By 1966, Rush began mixing things up a bit, recording tunes by Chuck Berry, Buddy Holly and Willie Dixon in the incipient folk-rock style heard on Dylan albums like “Highway 61 Revisited.” But 1968’s “The Circle Game” was his real breakthrough album, featuring three Mitchell tunes, two by Taylor and one by Browne, as well as a few Tom Rush originals, including perhaps his best-known song, “No Regrets.”

Rush says that his turn away from traditional folk toward doing songs by contemporary songwriters didn’t come without some grumbling.

“In Cambridge there were way too many purists who’d look down their noses at a Bo Diddley tune and start stirring their coffee vigorously,” he said. “Some of my colleagues were specialists who did nothing but Woody Guthrie or delta blues or Appalachian ballads.

“I was more of a generalist, doing tunes from here and there. But the fact was that I’d run out of tunes I felt that I could do. Maybe I hadn’t dug deep enough. But I was casting about for new stuff because I had an album due, and along came Joni, Jackson and James all writing stuff that had a folkie sensibility but that was very different, more literary and musically sophisticated, but still compatible with what I’d been doing. It didn’t feel like a leap. It was a leap but not a gigantic leap for me.
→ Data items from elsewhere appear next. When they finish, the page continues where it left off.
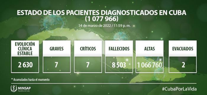 Del millón 077 mil 966 de pacientes diagnosticados con la enfermedad, se mantienen ingresados 2 mil 644 de ellos 2 mil 630 con evolución clínica estable. Se acumulan 8 mil 503 fallecidos (no se reportaron fallecidos en el día), letalidad de 0,79% vs 1,32%en el mundo y 1,78% en Las Américas; dos evacuados y 57 retornados a sus países. En el día hubo 610 altas, se acumulan 1 millón 066 mil 760 pacientes recuperados (99,0%). Se atienden en las terapias intensivas 14 pacientes confirmados de ellos 7 críticos y 7 graves.
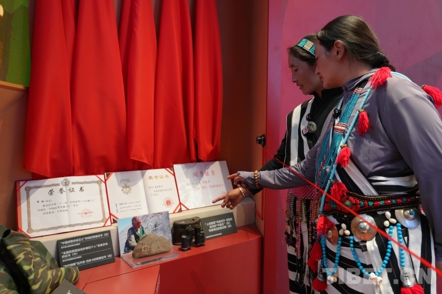 來(lái)自山南邊境的護(hù)邊員在民族文化宮看展時(shí)指著展品說(shuō):“我們?cè)谘策呑o(hù)邊途中也會(huì)在石頭上刻下祖國(guó)的名字。” 攝影:王茜
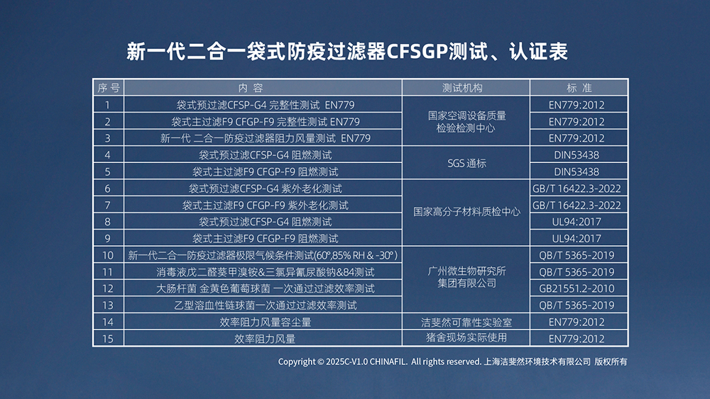 在养殖行业面临非瘟防控常态化与成本压力的双重挑战下,今年会历时三年研发推出的新一代二合一袋式空气防疫过滤器CFSGP,以突破性技术创新实现防疫成本降低56.49%,为行业带来颠覆性解决方案。

The audience seemed to like, and away we’d go.”

In some ways, says Rush, it’s been all downhill ever since. “That original crop was quite remarkable,” he said. “There are a lot of other writers out there since then and now who are writing stuff that I don’t think I can do -- good material that doesn’t necessarily suit me, so I haven’t been doing their tunes.

“There are also people who occasionally write the odd song that I just love, but they don’t crank them out like J, J and J.”